Segment Open

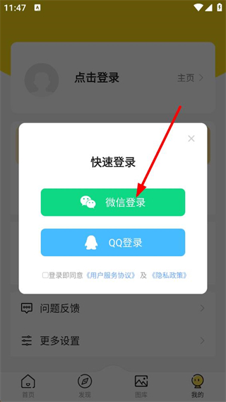 3、觸發快速登錄彈窗后,提供微信登錄和QQ登錄兩種方式,登錄前需勾選同意相關協議,選擇對應方式完成賬號登錄操作。
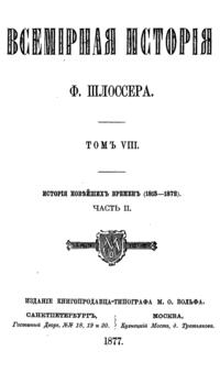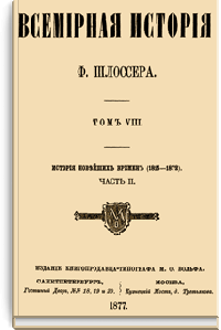«Всемирная история» — знаменитый фундаментальный труд немецкого ученого Фридриха Кристофа Шлоссера представляет собой синтез его специальных исследований и университетских курсов. Описываемый период доведен до 1815 года.
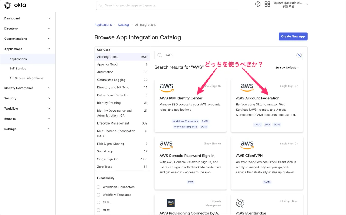 AWSマネジメントコンソールへのSSOをOktaで実施しようとBrowse App CatalogからAWSと検索するとSAMLに対応したAWS IAM Identity CenterとAWS Account Federationの2つが確認できます。
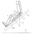 椅子部20は、図1ないし図3に示すように、傾斜ガイド部材10の長さ方向に沿ってスライド可能なスライダー21を有する。このスライダー21の上面には座椅子22が固定されている。この座椅子22は、臀部が後述のベルト28により固定状態に載置される座部23と、着脱可能な背もたれ部24を有し、座部23に対し背もたれ部24の角度が調整可能とされている。スライダー21の底面には、傾斜ガイド部材10の幅方向両側に配置される計一対の垂直部材25,25が固定されている。As shown in FIGS. 1 to 3, the
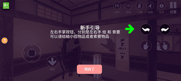 3.然后召唤小忍走向浴缸的方向,玩家需要一手指着小忍,一手指向浴缸示意她进去。
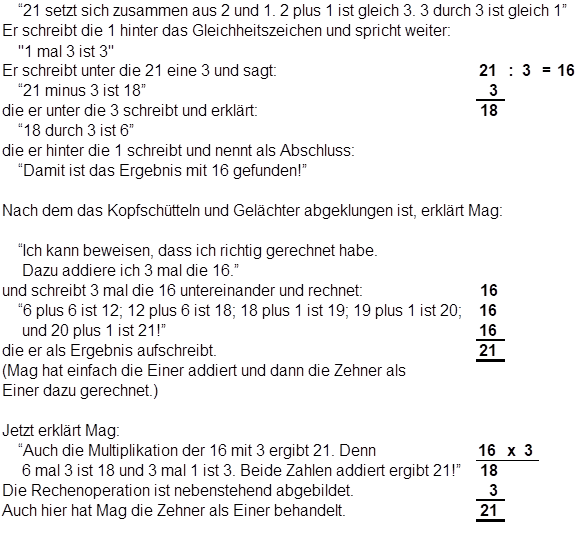 schreibt an die Tafel die Rechenaufgabe 21 : 3 und beginnt mit der Lösung,
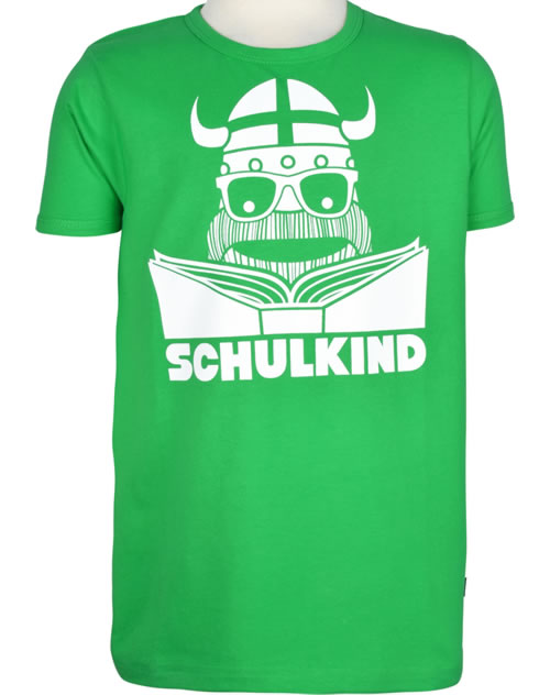 Tolles Kurzarm-T-Shirt Schulkind Erik für Jungen von DANEFAE. Die Vorderseite des Shirts ziert der Wikinger Erik mit einem Buch. Ein Muss für alle Schüler und angehenden Schüler.
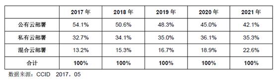 對于中小企業和雙創類企業,仍然更多采用公有云安排模式,預計到 2021 年,公有云模式的占比將連結在40%-45%之間。
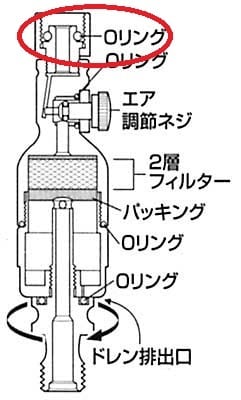 PS282、PS288、PS382、PS388のドレン&ダストキャッチャーのエアブラシ接続側から見えるOリングです。
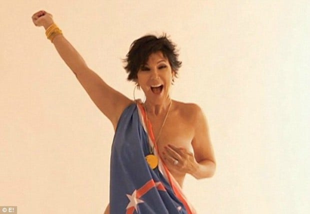 Oh yeah, someone already beat you to it, Caitlyn. In a 2007 episode of Keeping Up With The Kardashians (shown above), Caitlyn's ex Kris Jenner did the exact same thing and posed nude with nothing but the Olympic gold medal and an American flag sheet. But it wasn't for a major magazine like Sports Illustrated, so I guess the joke's on you Kris...
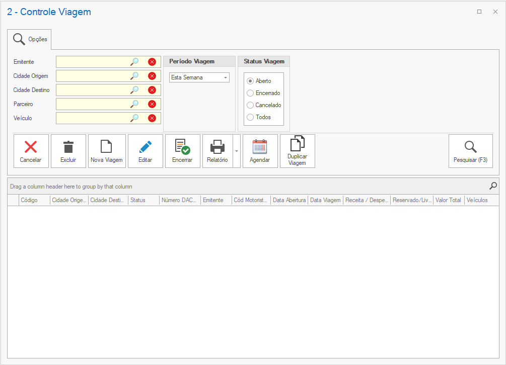 As operações abaixo dependem de uma viagem selecionada no grid (quando aplicável).
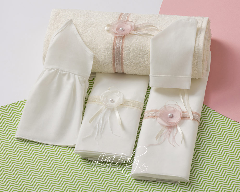 Βαπτιστικό Σετ Ψιψίνα με χρώματα λευκό ροζ K22-049
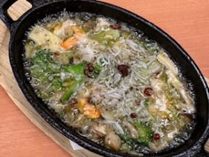 エビとしらすのアヒージョ 690円
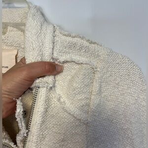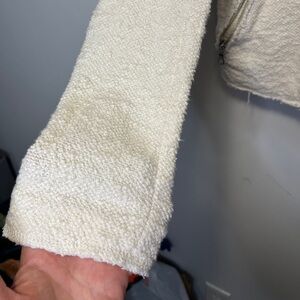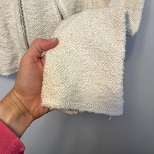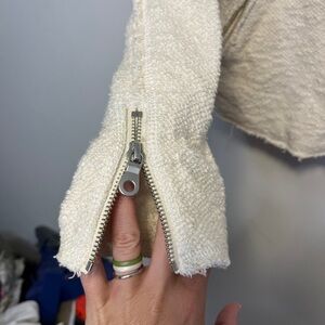 Soft textured nuby knit fitted jacket with reversed seams and silver statement hardware. Semi sheer panels at shoulders. No noted flaws
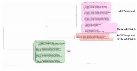 Tulip mosaic virus (TulMV, acc. #: X63630, RefSeq: NC_043425) [18] was identified as a separate species in 2005 [26], but the reference sequence presented in the ICTV database shows 98.78% identity with acc. # KF442403 and 96.96% identity with acc. # MH886517, both are TBV isolates.

Segment Closed

Quote only what lies between the first line of the records and the line containing "CenterとAWS Account Federationの2つが確認できます。", please, including both lines and excluding images.

• Written response:
 3、觸發快速登錄彈窗后,提供微信登錄和QQ登錄兩種方式,登錄前需勾選同意相關協議,選擇對應方式完成賬號登錄操作。
«Всемирная история» — знаменитый фундаментальный труд немецкого ученого Фридриха Кристофа Шлоссера представляет собой синтез его специальных исследований и университетских курсов. Описываемый период доведен до 1815 года.
 AWSマネジメントコンソールへのSSOをOktaで実施しようとBrowse App CatalogからAWSと検索するとSAMLに対応したAWS IAM Identity CenterとAWS Account Federationの2つが確認できます。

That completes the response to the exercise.